··· GIVEN MATERIAL
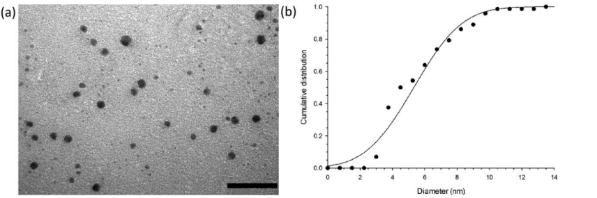 圖1、TEM圖像(Bar等于50 nm)(a)和油酸銀封端NP的直徑累積分布(b)。實心點為實驗數(shù)據(jù),連續(xù)線為高斯擬合。
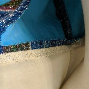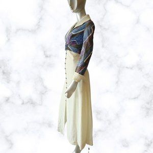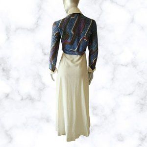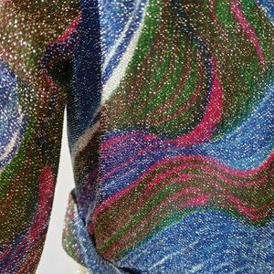 Vintage 70s Sz 14 Button Down Semi Sheer Long Sleeve Sparkly Disco Cocktail Party Dress
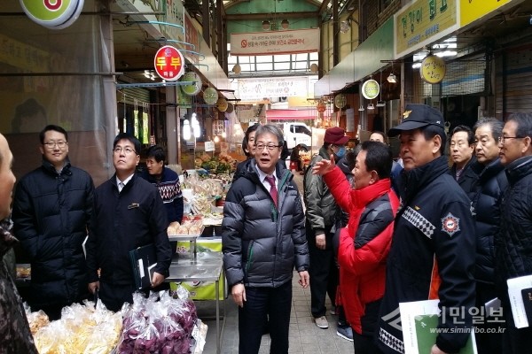 최근 한수동 서울 구로구 부구청장을 단장으로 한 합동점검반은 구로소방서와 함께 고척근린시장을 방문해 화재 예방 조치상황을 점검했다. 사진은 한 부구청장(가운데)과 점검반이 시장을 살펴보고 있는 모습.(사진제공=구로구청)
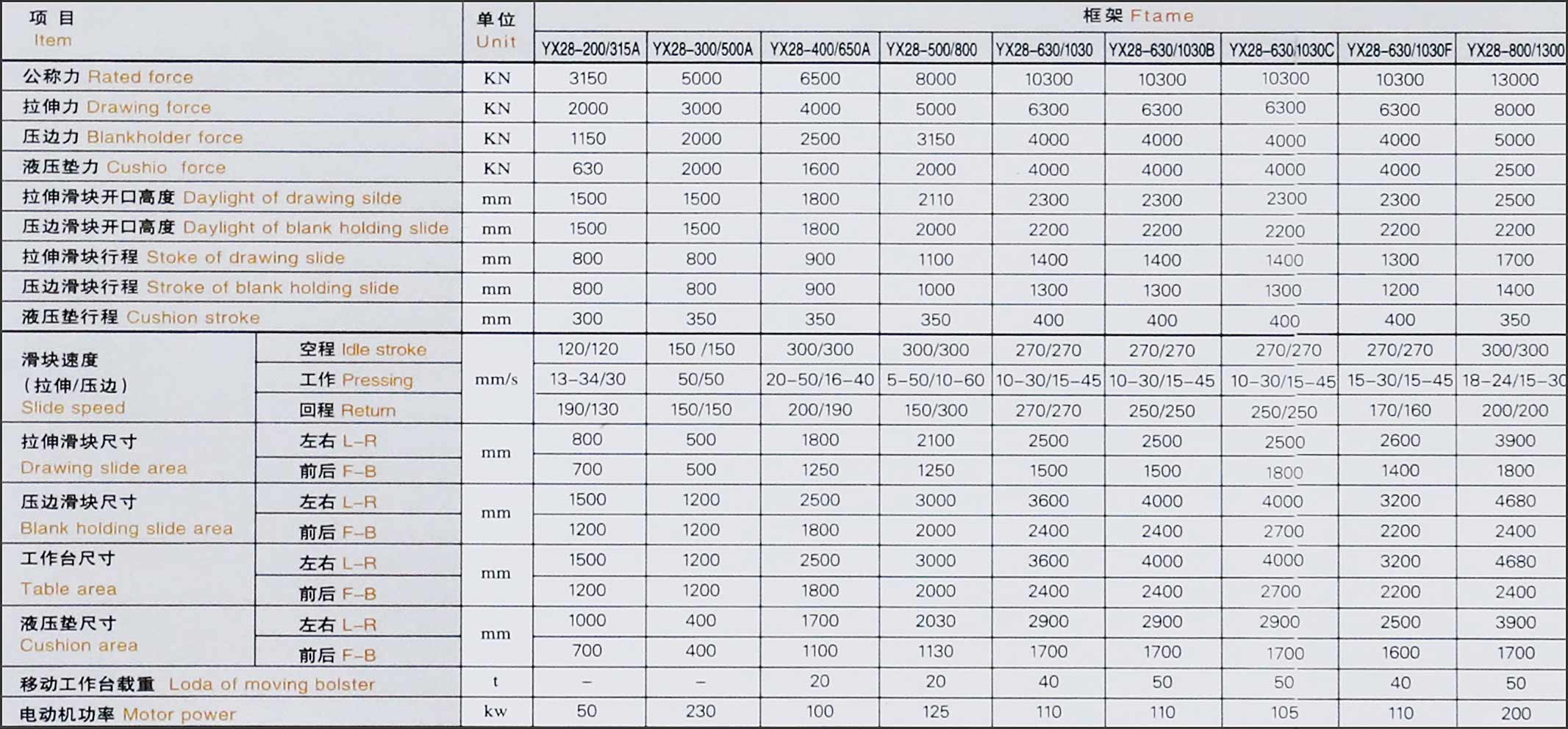 | 移動(dòng)工作臺(tái) | 沖裁緩沖裝置 | 壓邊滑塊,液壓墊死角分別調(diào)壓裝置(拉伸不對(duì)稱零件) | 光電保護(hù)裝置 | 換模用浮動(dòng)導(dǎo)軌和滾動(dòng)托架 |
······
WORK INSTRUCTION: All of the material above should be written out exactly as given, minus any images.

SOLUTION TO THE EXERCISE:
 圖1、TEM圖像(Bar等于50 nm)(a)和油酸銀封端NP的直徑累積分布(b)。實心點為實驗數(shù)據(jù),連續(xù)線為高斯擬合。
 Vintage 70s Sz 14 Button Down Semi Sheer Long Sleeve Sparkly Disco Cocktail Party Dress
 최근 한수동 서울 구로구 부구청장을 단장으로 한 합동점검반은 구로소방서와 함께 고척근린시장을 방문해 화재 예방 조치상황을 점검했다. 사진은 한 부구청장(가운데)과 점검반이 시장을 살펴보고 있는 모습.(사진제공=구로구청)
 | 移動(dòng)工作臺(tái) | 沖裁緩沖裝置 | 壓邊滑塊,液壓墊死角分別調(diào)壓裝置(拉伸不對(duì)稱零件) | 光電保護(hù)裝置 | 換模用浮動(dòng)導(dǎo)軌和滾動(dòng)托架 |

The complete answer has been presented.